Rural Falcon Ridge
June 9, Saturday
Jim Hudson glanced at Liz as she set the phone on the table between their matching loungers. She was a good woman and he loved her dearly, but her knack for inflating the simplest thing into a crisis was downright nerve-wracking. How'd she ever survive when he was TDY fighting sundry wars on the other side of the globe?
"That was Sara Reynolds," she declared. "Someone's trying to kill her. First the accident that killed her husband, and now an eighteen-wheeler ran her off the road outside Lakewood."
His eyes shifted back to the weekly Dow averages parading below CNN's talking heads. "Oh? That was her?"
"She wouldn't admit it, but I'm sure it was. That car we saw on the news looked exactly like hers."
"You're good, Liz. All I saw was a ball of flames. You should work for the police department, maybe even the FBI."
She folded her arms. "I don't care what you say, she was involved somehow. I could tell."
"If so, I'd say she's pretty unlucky."
"I don't think that's it, Jim. I was with her when she remembered where she and her husband were, right before the other wreck. They were cross-country skiing, somewhere northwest of here. They came across some strange looking industrial site and took pictures. She couldn't remember what it was, assuming at one time she knew. I'll bet it's some sort of secret government thing."
His attention remained fixed on the TV, checking how Tesla, SAIC, and Halliburton had done. Hopefully better than the week before.
"Jim, listen to me. Something funny's going on. I just know it."
If what she said was true, it was a volatile situation. A new site in that area? Such things didn't spring up overnight. Surely he would have heard. He was retired, not dead. One of his old friends would have tipped him off to something so close to home.
That was how he knew about some of the goings-on in Nevada. They were under an uncomfortable amount of scrutiny the past few years from UFO buffs and were downsizing. They turned some operations over to the Army at Dugway and Fort Hood, others were already at Wright-Patt. In reality, there were secret facilities all over the country. Most had plenty of expansion room.
Why would they build a new one? They already had Cheyenne Mountain and various other outposts in the Rockies. Why not simply add additional space to existing ones?
"So what do you think? Why would they want to kill Sara and her husband? Jim? Hey!" She got up and stood between him and the television. "Colonel Hudson! Did you hear me?"
He shifted up his eyes without moving his head. "Yes, dear. Every word."
Which was true, though he was still processing what she'd said. "It does sound rather odd. But eighteen-wheelers cause wrecks all the time. These roads are treacherous. Maybe she's just someone who attracts catastrophes. I knew people like that in the service, of all ranks. You stayed away from them, as far as possible. Catch my meaning, Liz?"
Mouth agape, she dropped back into her chair. At least no sound was coming out. When they lived in Colorado Springs she had more friends to jabber to besides him. Since he'd retired, which was undoubtedly a mistake, she'd latched onto him like a tick. It was nothing short of a miracle that those sticky-sweet chick flicks on the Hallmark Channel hadn't given him diabetes. There were days when he wished another big conflict would come along so he'd get called back up.
So far, this was one of them.
Her reaction, though delayed, was more forceful than expected. "How can you say such a thing? That poor woman! My God, Jim, she just lost her husband. Now it looks like someone's trying to kill her. And you think I should abandon her? How could you?"
He exhaled. "Listen. If what you suspect is true, what do you think you can you do about it, Liz? Nothing. Absolutely nothing. And in my experience, there's a good chance some of that ill-fortune will splash on you. We came up here to get away from that sort of drama. It's not your problem. Leave it alone. Don't get involved."
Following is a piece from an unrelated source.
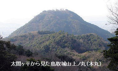 国指定史跡 「太閤ヶ平」 昭和32年12月18日指定天正9年(1581)の羽柴秀吉の包囲作戦と吉川経家の籠城とによる対陣は、鳥取城の歴史の中で最大の攻防戦であった。この戦いは、天下統一をめざして中国地方を征討しようとする織田信長と、これを阻止しようとする中国地方の雄毛利氏との対立の中で展開されたものである。 信長の派遣した部将羽柴秀吉は、姫路から但馬口を経て天正9年7月12日鳥取に到着し鳥取城背後の東北の山頂(太閤ヶ平)のこの位置に本陣を置き、左右両翼と前面の袋川沿いに各陣を布いて、2万余の軍勢により兵糧を絶つ鳥取城包囲作戦を展開した。太閤ヶ平(本陣山)は、西方前方に鳥取城を望み、左右に芳心寺に至る一帯の山々をひかえ、右方にははるかに円護寺・覚寺・浜坂・賀露に至る一帯を見下し、総本陣としては最も適した場所であった。これを迎え撃つ鳥取城は、毛利氏の一族で石見国福光城主吉川経安の嫡男経家が城将として守備しており、その兵力は芸州毛利氏よりの加番衆400と因幡国方衆1.000余であった。 毛利氏からの援軍・食糧の補給が阻止されて、包囲後3ヶ月過ぎるころには、「籠城兵糧つき、牛馬人等喰ひ候」という状況となった。ついに10月25日、吉川経家は城兵を助けるために開城し、自身は城中広間で切腹した。時に35歳であった。死の前日、10月24日に本家吉川広家にあてた遺言状に、「日本二つの御弓矢境において忰腹に及び候事、末代の名誉たるべく存じ候」と、経家は記している。織田信長と毛利氏という「日本二つの御弓矢」の正面対決による鳥取城攻防戦での切腹を、大きな名誉と感じていたのである。 この太閤ヶ平には、当時の鳥取城攻防の歴史を物語るかのように、土塁と空堀を廻らした曲輪の跡が厳然として残されている。また、この一帯は鳥取自然休養林であり、摩尼寺に至る中国自然歩道も整備され、広く市民の憩いの場として親しまれている。(現地説明板より) |

Her eyes flashed with defiance, exceeding any he'd witnessed in over three decades of marriage. When his red-headed mate got this stirred up his best tactic was to retreat. He froze in place when she got back up and stood before him again, wagging an accusatory finger in his face.
"No. You listen to me, James Hudson. When you were overseas, especially in a warzone, who do you think took care of me? Who do you think took care of the women whose husbands came home in pieces, in a box, or not at all?
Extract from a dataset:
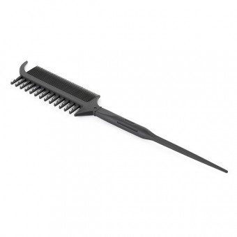 Многофункциональная расческа с хвостиком для мелирования. Облегчает и ускоряет процесс мелирования. Карбоновая термостойкая, прочная, при этом очень легкая. Двусторонняя расческа с зубьями неодинакового шага: половина расчески с учащенными (для расчесывания отдельной пряди), другая – с разреженными (для быстрого отделения мелких прядей для мелирования). Крючки разного размера на одной из сторон расчески позволяют отобрать пряди разной толщины.

"We took care of each other! I'm not going to abandon that sweet thing to whoever or whatever is trying to hurt her. I have no idea what I can do, but she's going to know I'm her friend and she can count on me. And if you don't like it, you can kiss my big, white ass."
With that, she turned on her heel and sashayed into the kitchen.
The Keurig snapped, wheezed, and hissed.
He groaned. The last thing that woman needed was more caffeine.